Thursday, November 25, 2010

Self Portraits

Our school is in partnership with the Children's Museum of the Arts which provides art education in classrooms across New York City.

Our artist in residence, Margaret, taught our students the fundamentals of color (primary, secondary, color mixing, tints, tones, shades, etc.) and line while engaging in motivating hands-on art projects.

Several weeks ago Margaret introduced us to self portraits through the work of artist David Hockney. She invited the children to create their own self portraits influenced by David Hockney's style.  This includes a strong, single colored, solid background behind the central figure of a face to include perhaps some of the neck and shoulder area.

We were guided through the process with Margaret modeling for the students as she created her own self portrait.

Each student was given a small mirror to look at themselves as they drew their portrait in pencil on large sheets of paper.  Margaret had prepared each sheet by outlining the edges with masking tape so that when the tape was removed (after painting) it would create a clean line to frame the art.

She instructed them in mixing paints to create their skin tone, how to paint eyes and to add finishing touches such as outlining the pencil marks in black marker to make it pop.

The finished pieces blew me away.  I could easily see them used as illustrations in children's books.

Totally brilliant!

I was very pleased to see some of the parents reactions to the self portraits.

As they stated, these are indeed worthy of framing.

This experience is just another instance of children surprising me with their talent and insight.

What a gift for Thanksgiving!

8 comments:

Dumdad said...

Wow. You're right: "Totally brilliant!" Love 'em.

Ms.M said...

They are very good!

Angella Lister said...

children are such natural artists! this reminds me of when in third grade my daughter and her class made self portraits, one each month for the entire year. They experimented with different styles each month, and then presented the whole sheaf of self portraits to their parents at the end of the year. It was just fascinating to see their evolution both as artists and in how they saw themselves over the course of the year. Now you know why I love this post!

I hope you had a good thanksgiving!

Gary said...

Thanks Dumdad and Ms. M for the support.

Angella - a portrait every month!? Wow, that is no small task considering the study involved of the various artists and the time it takes for the kids to create these. Of course, most children can whip off a picture in mere minutes. What a treasure you have there. What does your daughter think of the self portraits nowadays?
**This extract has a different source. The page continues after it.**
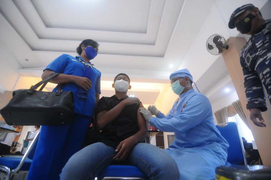 Banjarmasin, BARITO – Program serbuan vaksin untuk anak usia 12-17 tahun, Keluarga Besar TNI AL Lanal Banjarmasin, masyarakat pesisir yang berada di wilayah kerja Lanal Banjarmasin dan pelaku UMKM binaan Kadin Banjarmasin, kembali digelar TNI-AL Lanal Banjarmasin di Gedung Hasan Basry, Markas Komando Lanal Banjarmasin Jalan Ahmad Yani, KM 3,5, Rabu (14/7/2021).
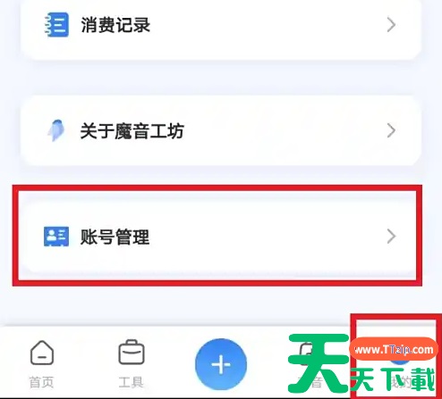 手机打开魔音工坊软件,点击选择右下角我的项目。 我的页面,选择查看账号管理项目。 账号管理页面,点击退出当前账号,提交账号管理退出登录。 @天天下载TTzip 除特别注明外,本站所有文章均为 天天下载 原创,转载请注明出处来自 https://www.ttzip.com/197803.html

Thanksgiving was lovely. I hope yours was as well.

Barbara said...

You should definitely publish a book, with the children's permission of course! I especially like all those teeth.

I thought of you just today as I checked out a Todd Parr book on loving to read. Our next theme is "gratitude" to the organization which sponsors the reading program. The kids will make thank-you notes as the activity.

Gary said...

Barbara - Todd's books are the best. I am pleased to be thought of in association with them. Gratitude is a timely theme and a good one! Perhaps they can make their own self portraits on the front of the card to show who is thankful. Kids always seem interested when it gets that personal. xo

Pauline said...

I love the way most kids see themselves - those wide eyes, those big grins. I may try Margaret's techniques myself and will certainly engage my grandchildren in portrait painting when I next see them. We are always amazed when we bring out what we think of as the best in kids, but I see you doing that all the time through the posts about your class. Thanks for sharing!

Angella Lister said...

Gary, the portrait assignment was very low stress, and was assigned as homework one night each month. And you're right, some months my daughter just dashed off something, other months she produced a labor of love, and she perceived that either approach was okay. But even in the dashed off months the portraits were revealing of what was occupying her mind at the time, like the cartoonish picture she drew of herself in doing a cartwheel when she was taking gymnastics. We knew it reflected her gymnastics class because the blue leotard she was wearing in the drawing was a dead ringer! It was actually very funny and sweet. But then I was (am) probably a totally over involved parent!